━━━━━ Provided entries
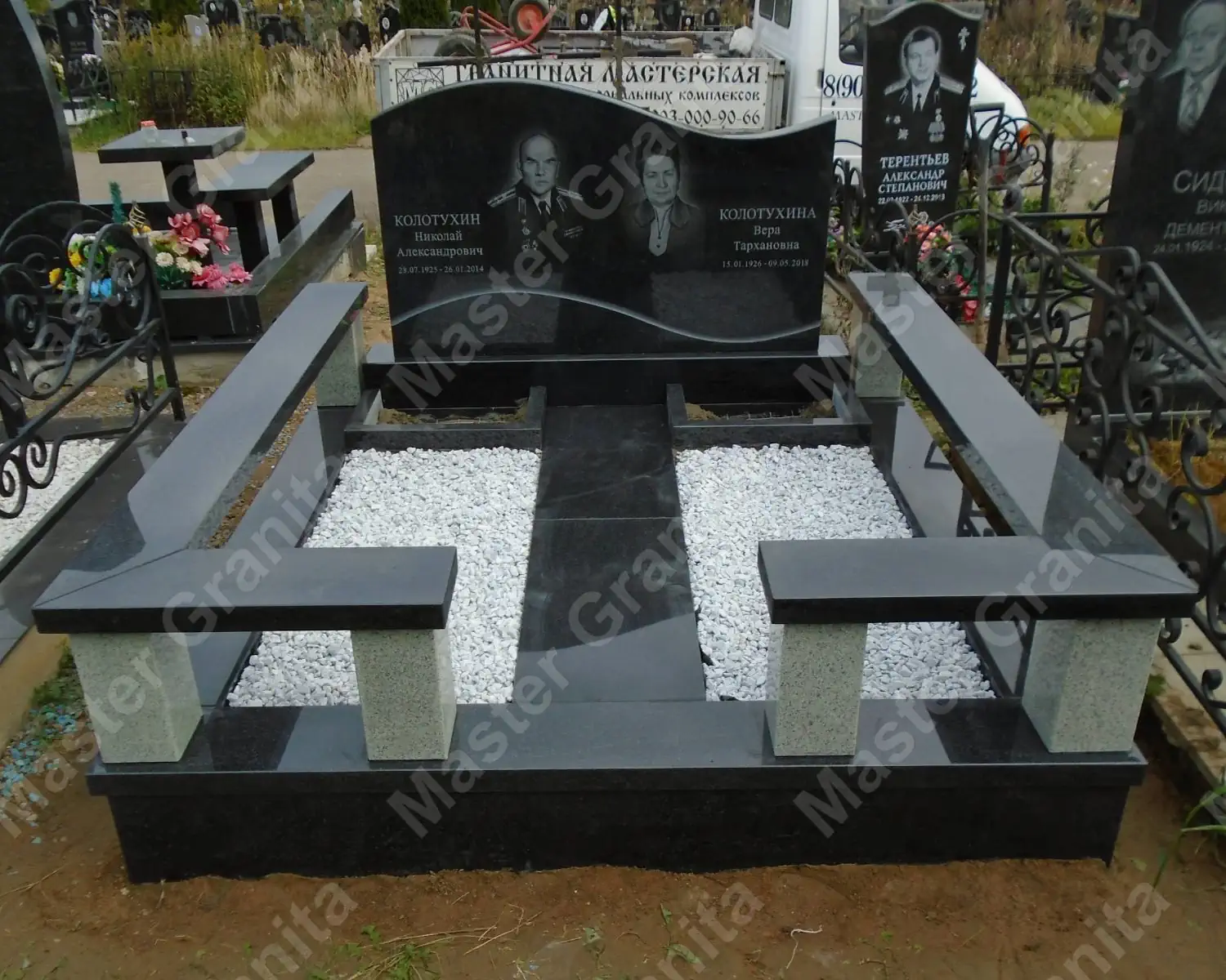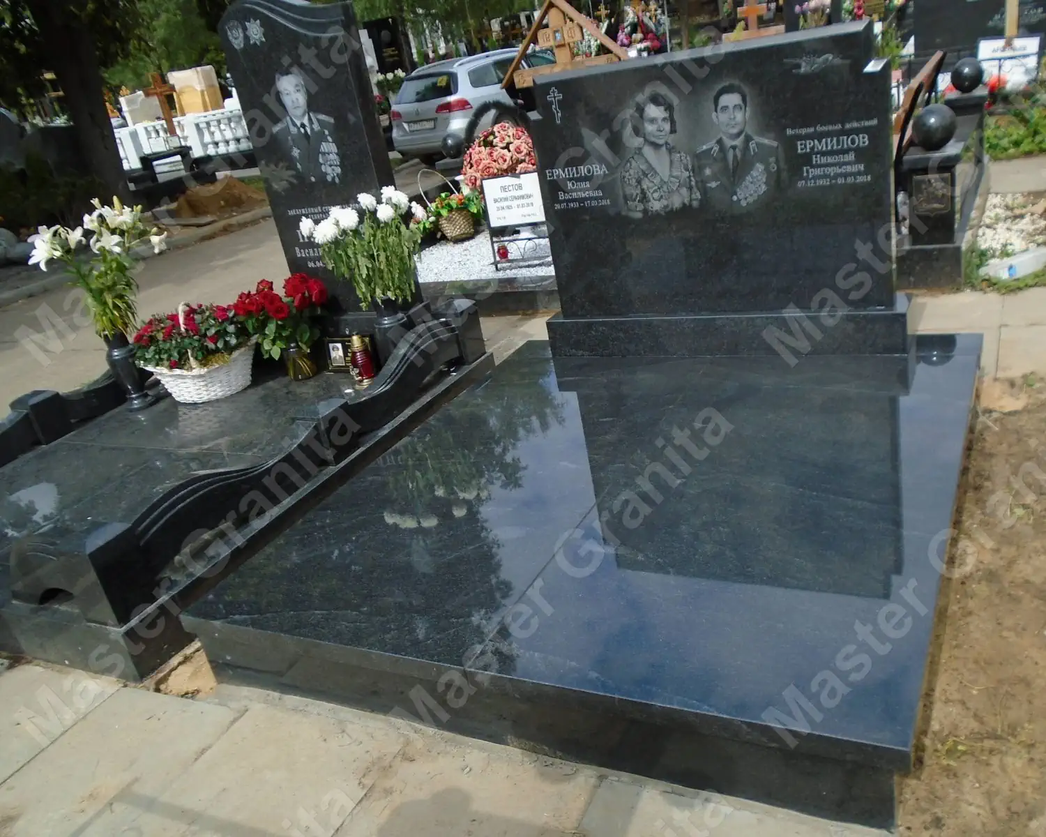 Мемориальный комплекс открытого типа, без гранитного цоколя. Выполнена облицовка ленточного фундамента цельными деталями из диабаза, и закрыто двумя массивными плитами из гранита, в качестве пола. Целью работы было показать совместный портрет-дуэт, и сделать все из камня, не нагромождая участок.
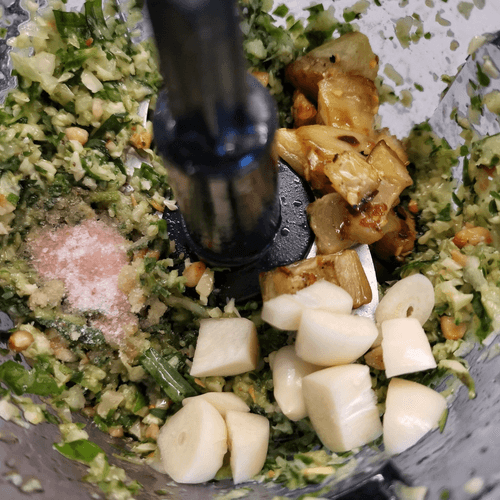Добавить чеснок, баклажан и соль, затем винный уксус. Взбить до однородной консистенции.
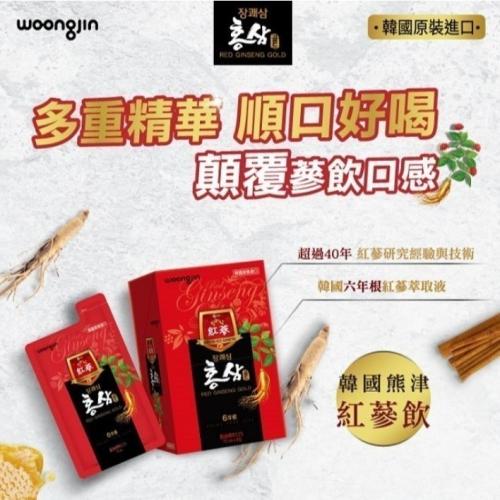 韓國WOONGJIN 韓國熊津紅蔘飲 8入組 盒裝 70ml/包 (韓國原裝進口) 保存期限2027.03月
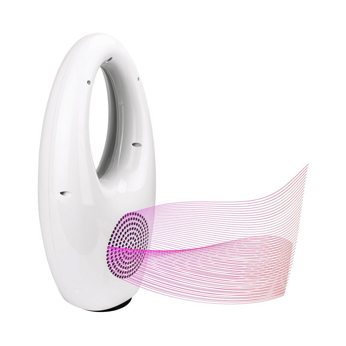 Ventilátor využíva inovatívny bezlopatkový systém, ktorý zabezpečuje rovnomerné a bezpečné chladenie bez rizika poranenia – ideálne pre rodiny s deťmi či domácimi miláčikmi.
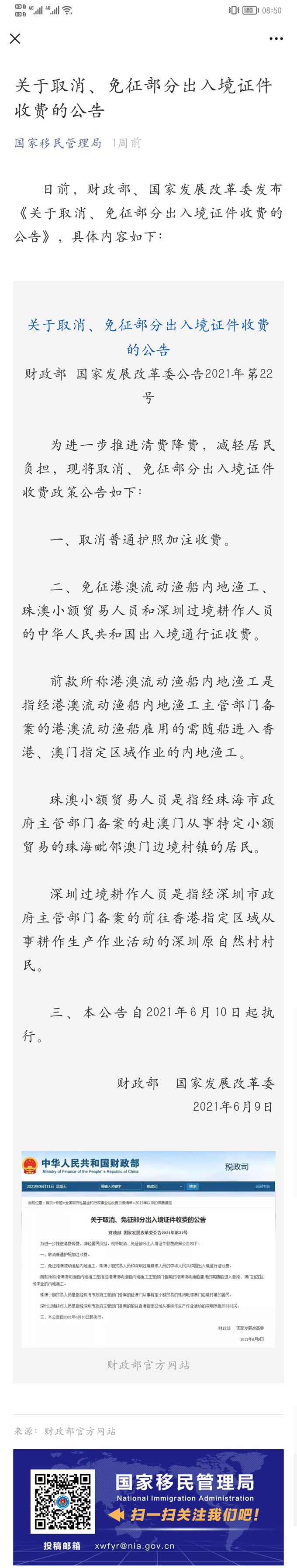 为进一步推进清费降费,减轻居民负担,现将取消、免征部分出入境证件收费政策公告如下:
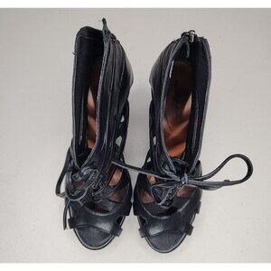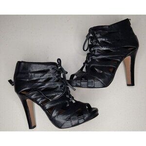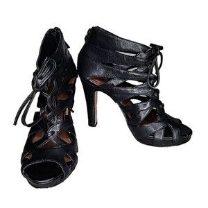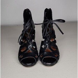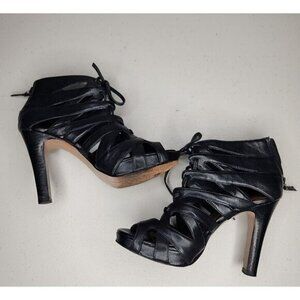 Halogen Black Strappy Leather Stiletto Heels Pumps Women's Size 5 EUC
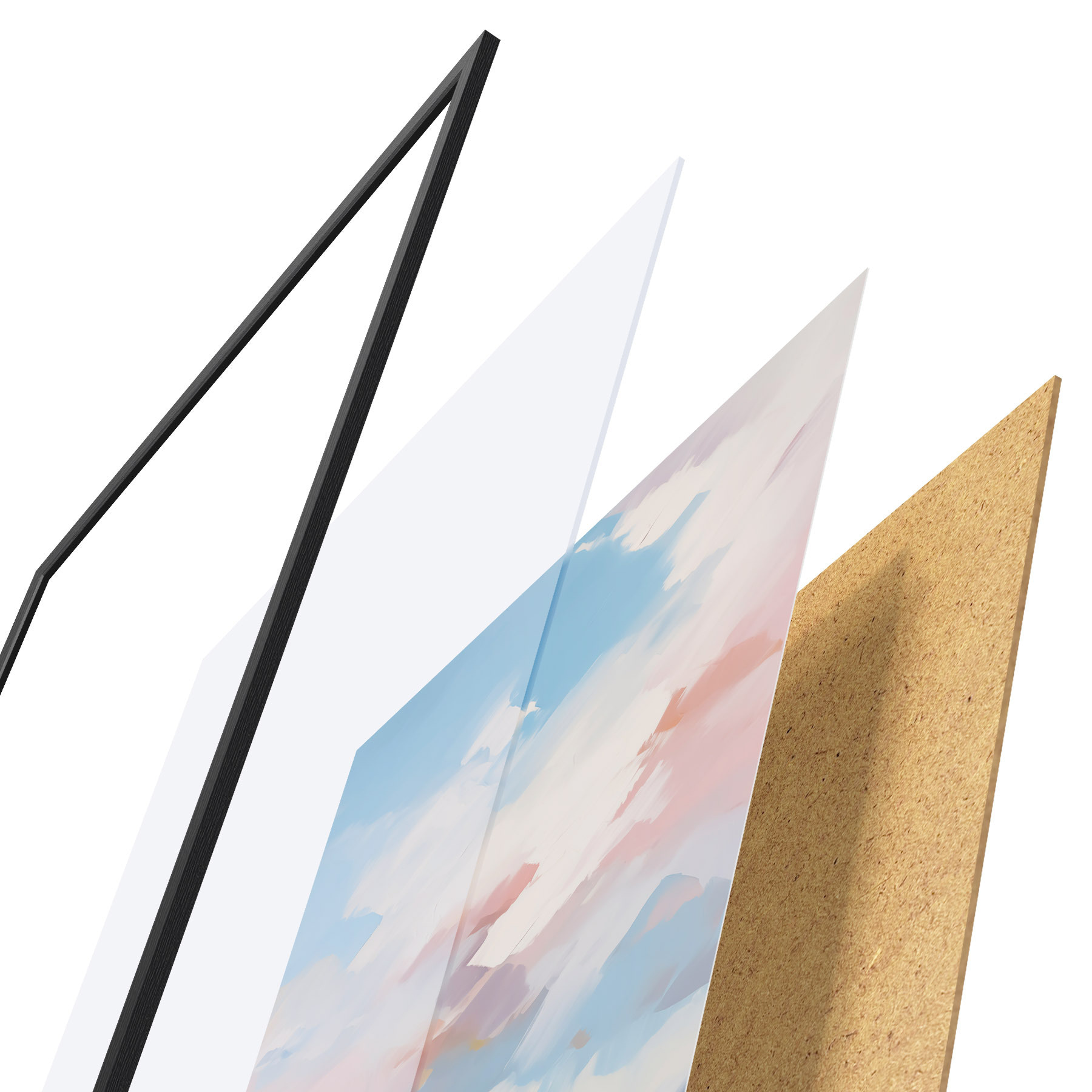 El póster consta de marco, plexiglás, imagen impresa y soporte de aglomerado. El póster puede colgarse inmediatamente en la pared gracias a los soportes de la parte posterior.
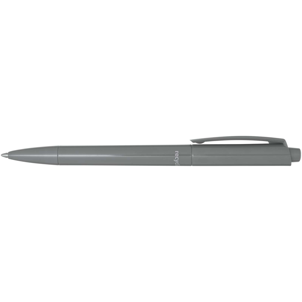 Propiska s tělem a sponou z recyklovaného plastu a hrotem z nerezové oceli. Barva inkoustu: Černá. Délka psaní: 3000 metrů. Rozměr hrotu: 1,00 mm. Vyrobeno v Německu. Rozměry: 14,8 x O 1,05 cm
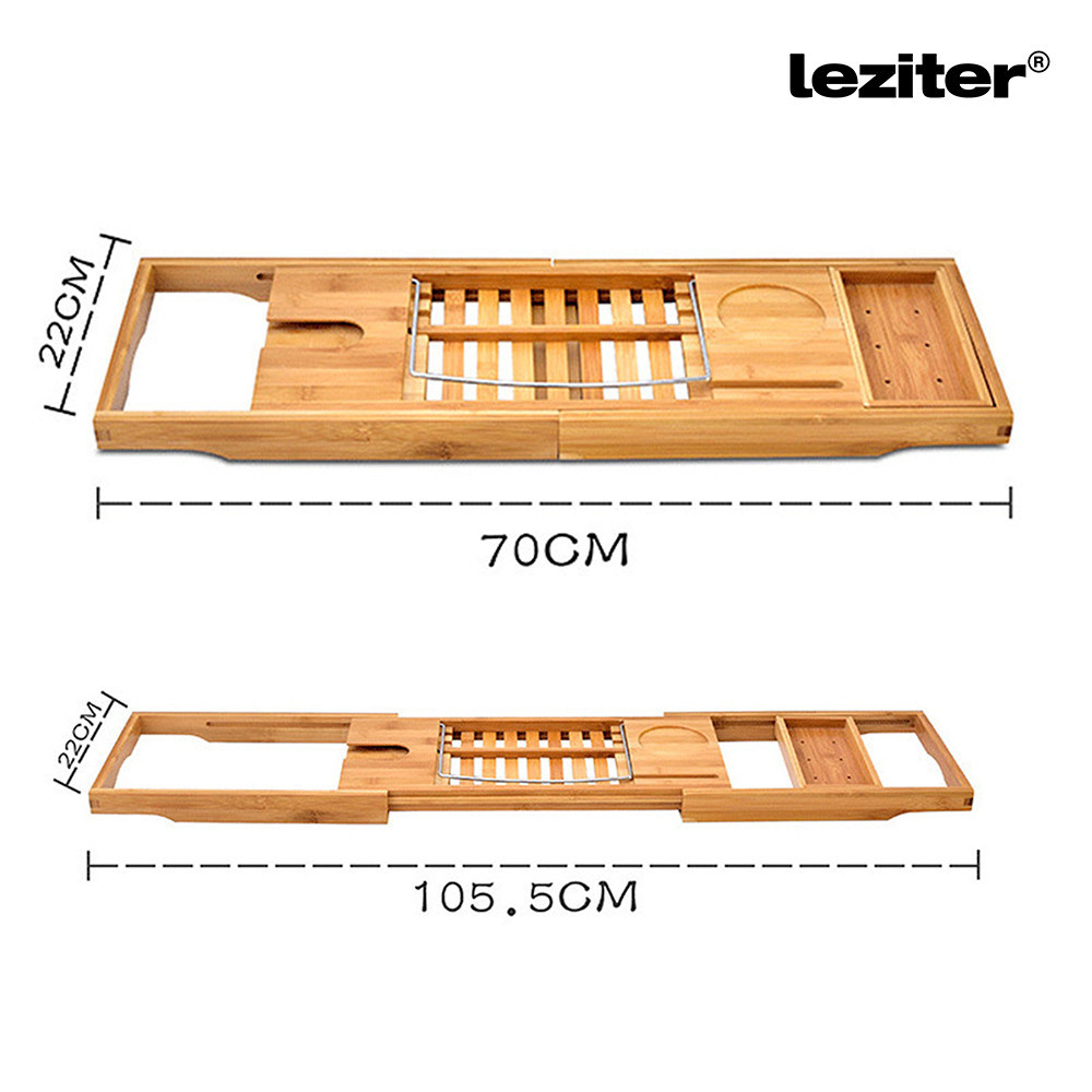 Tava reglabilă pentru cadă din bambus de la Leziter vă ajută să creați relaxarea perfectă. Suportul pentru tabletă și carte oferă o fixare stabilă, suportul pentru paharul de vin oferă un loc sigur, iar compartimentele separate pot găzdui și un telefon și alte obiecte mici .
━━━━━━━━━━
* What the task requires
From the line holding "El póster consta" to the line holding "Propiska s tělem", both included, retype the entries above exactly and drop the pictures.

* Exercise solution
 El póster consta de marco, plexiglás, imagen impresa y soporte de aglomerado. El póster puede colgarse inmediatamente en la pared gracias a los soportes de la parte posterior.
 Propiska s tělem a sponou z recyklovaného plastu a hrotem z nerezové oceli. Barva inkoustu: Černá. Délka psaní: 3000 metrů. Rozměr hrotu: 1,00 mm. Vyrobeno v Německu. Rozměry: 14,8 x O 1,05 cm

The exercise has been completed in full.